“大人,只要讓我在郭府招魂,親自問一問郭老爺,一定會找到賬簿。”
父親就等在門外,程悠悠能想象得出父親的焦急。
她要盡快離開這里。
“招魂,不一定用你。”段商君不為所動。
“的確,十方館的道長也可以招魂,但是,牽動一個十方館,就聯動了錄部、府衙。”
程悠悠接著說“我則不會牽扯這么多。這件事我比任何人都想要保密,也比任何人都想要知道事實真相。”
“我想知道你究竟知道了什么”段商君問。
程悠悠決定拼一把“我知道錦衣衛現在正在調查薛家的沅砂案。這是通過占卜知道的。”
“占卜能算這么清楚”段商君似乎不信。
程悠悠不想要再跟他聊下去,父親還等在外面。
“對,占卜算卦,前算五百年,后算五百年”程悠悠不想再拖下去,“段大人,您給個準話,究竟需不需要我詢問郭老爺。”
“你知道我”
“是。”
段商君雖然接管了此地錦衣衛人員,以及近幾年的各種調查資料,但是沒有在眾人面前暴露過身份。
只有一路來的孫公公知道他的真正身份。
難道程家小姐占卜真的這么厲害
段商君沉吟片刻,說“好,明日郭府見。”然后,命人將她送出去。
臨出門前,程悠悠一把奪過他手中的發帶,將頭發綁好,整理好衣服才跟著出去。
一出門,就看見父親一個人站在夜色中,那種絕望的樣子從來沒有見過。
“父親”程悠悠紅了眼眶,一把抓住父親的手。
程若瑾也是激動的問“你沒事吧”說完,上下打量女兒。
“沒事,我們回去說。”
臨上馬車前,程悠悠回首望去北鎮撫司。
段商君既然來了,沅州的鎮撫司自然聽命于他。
程若瑾率先說道“府中僅有我知道你的情況,同誰都不要說。”
程悠悠點頭。
“誰問起了,你就說跟我出門了。等晚飯后,來書房見我。”
若不是恒典當的鄭朝奉發現東家被錦衣衛帶走,私下里通知程二爺,程若瑾到現在還不知道,平時乖巧文靜的女兒,竟然做了這么多危險的事情。
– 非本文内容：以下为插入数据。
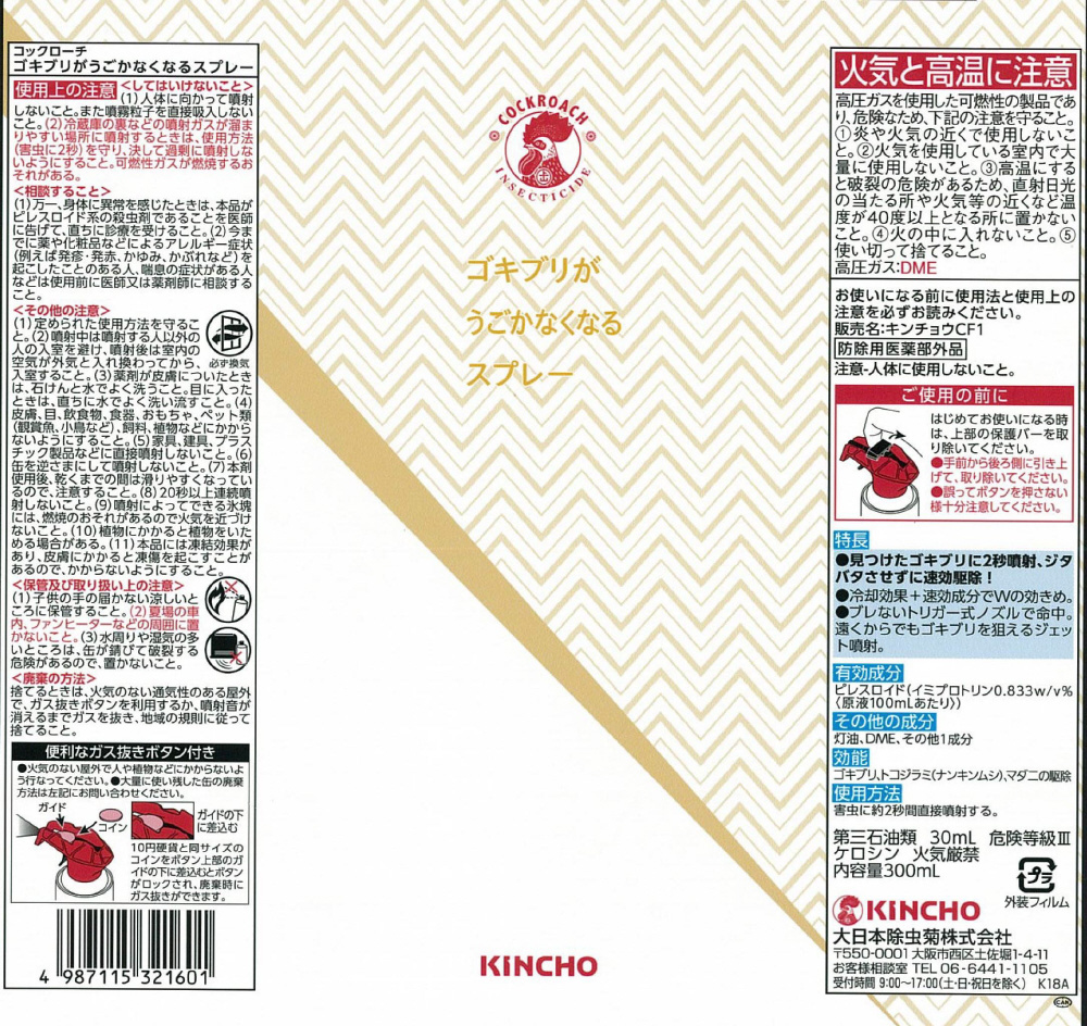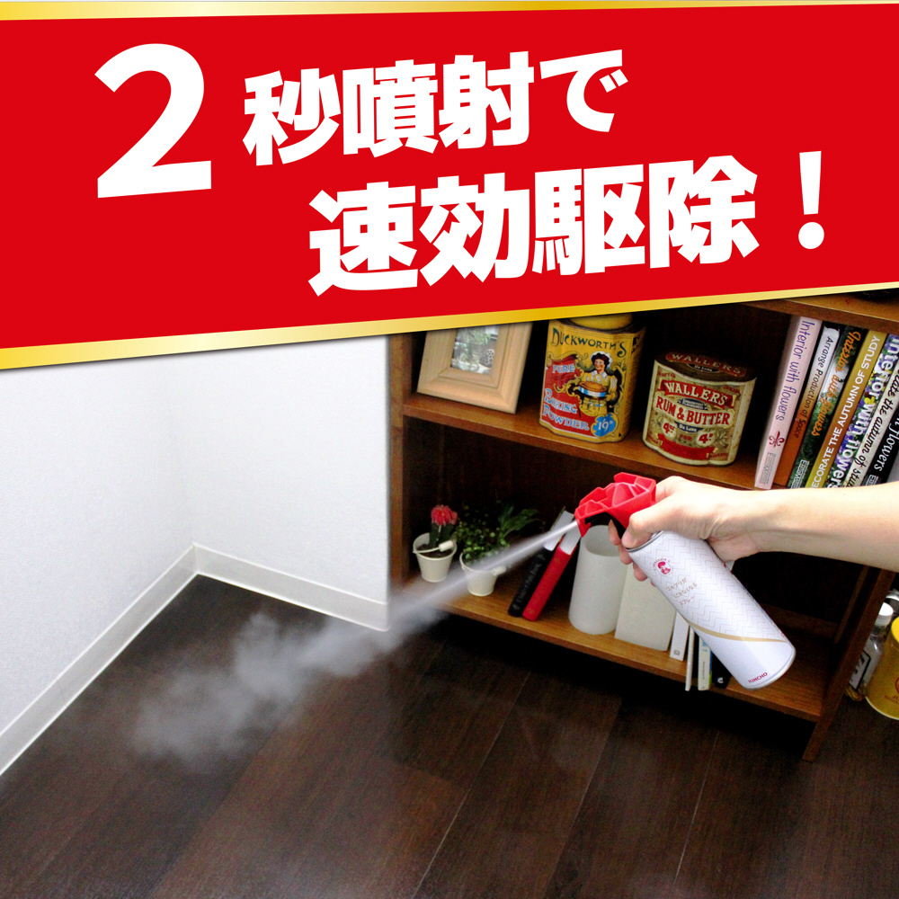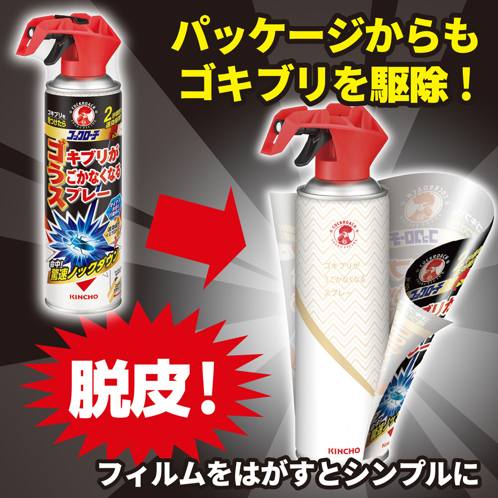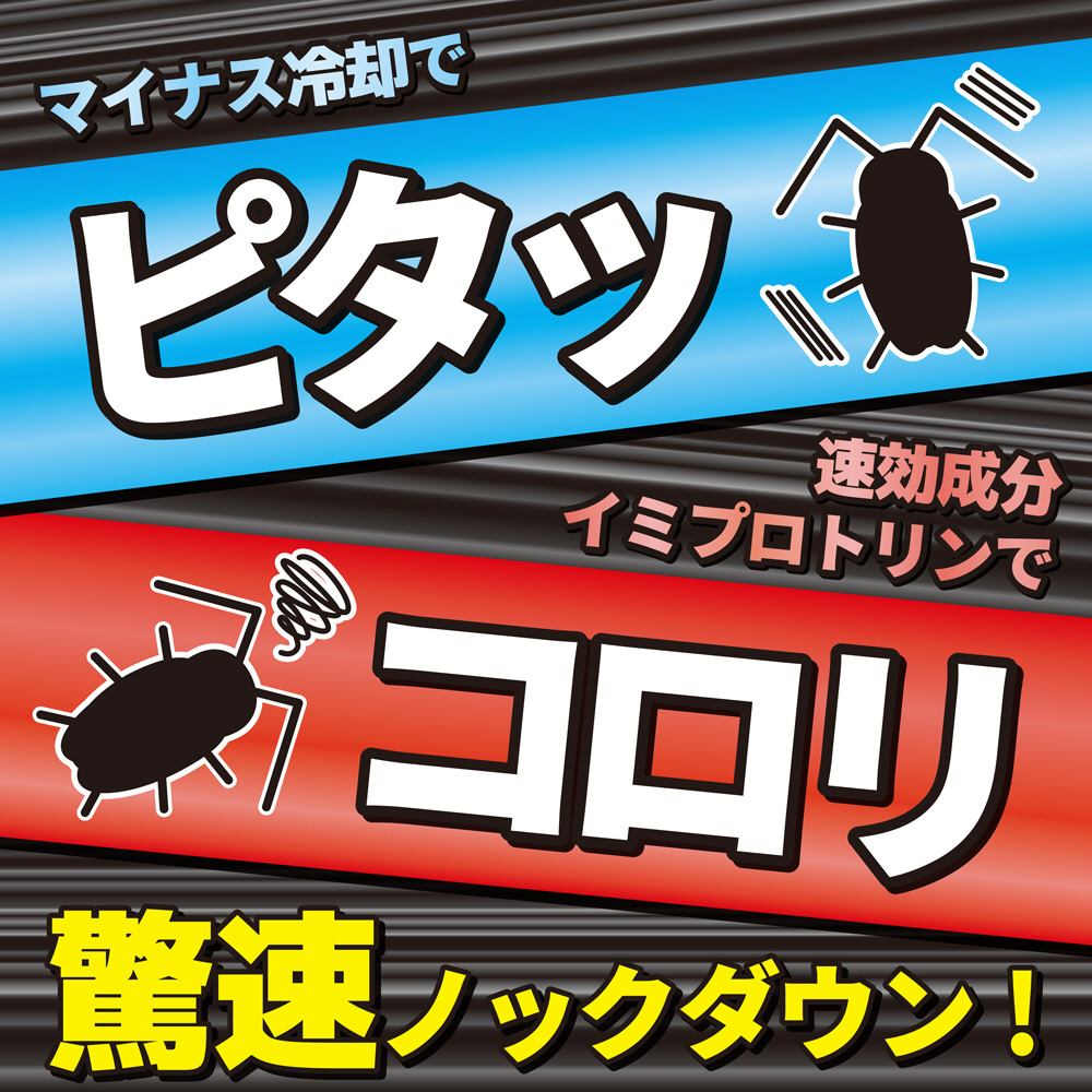 見つけたゴキブリを2秒噴射で速効駆除。マイナス冷却でゴキブリの動きをすばやく止め、速効成分で確実に退治します。フィルムをはがすとシンプルなデザイン缶に変身します。
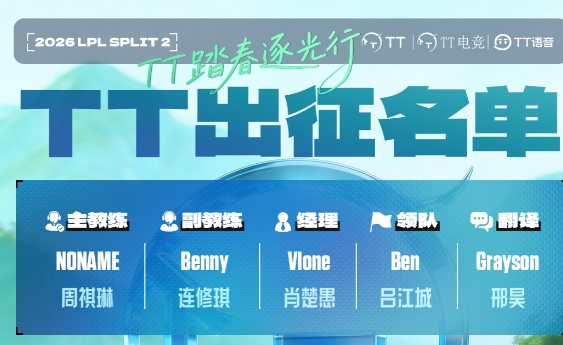 新的一季开启新的篇章,TT战队志在逐光前行。在2026LPL第二赛段中,让我们齐心协力,奋勇向前,展现出全力以赴的拼搏精神!

程悠悠雖然有一肚子話想要說,但是看父親格外的疲憊,還是等著到書房再說吧。
飯后,來到書房。
程悠悠決定跟父親坦白。
事情越隱瞞,越容易讓外人抓到把柄。
程悠悠說了她跟隨仙人學了法術,還孤單一人重活一世,為的就是渡劫。
“你是說,這一世程家因沅砂案滅門你經歷過”程若瑾覺得這一天的信息量太多,腦袋不夠用了。
“我是以旁觀者的身份經歷的,所以程家究竟為何被抄家,現在還不清楚。”程悠悠有著難以言說的挫敗感。
而另一旁的程若瑾只覺得渾身無力,倘若女兒說的都是真的,程家即將面臨的就是抄家滅門的大難。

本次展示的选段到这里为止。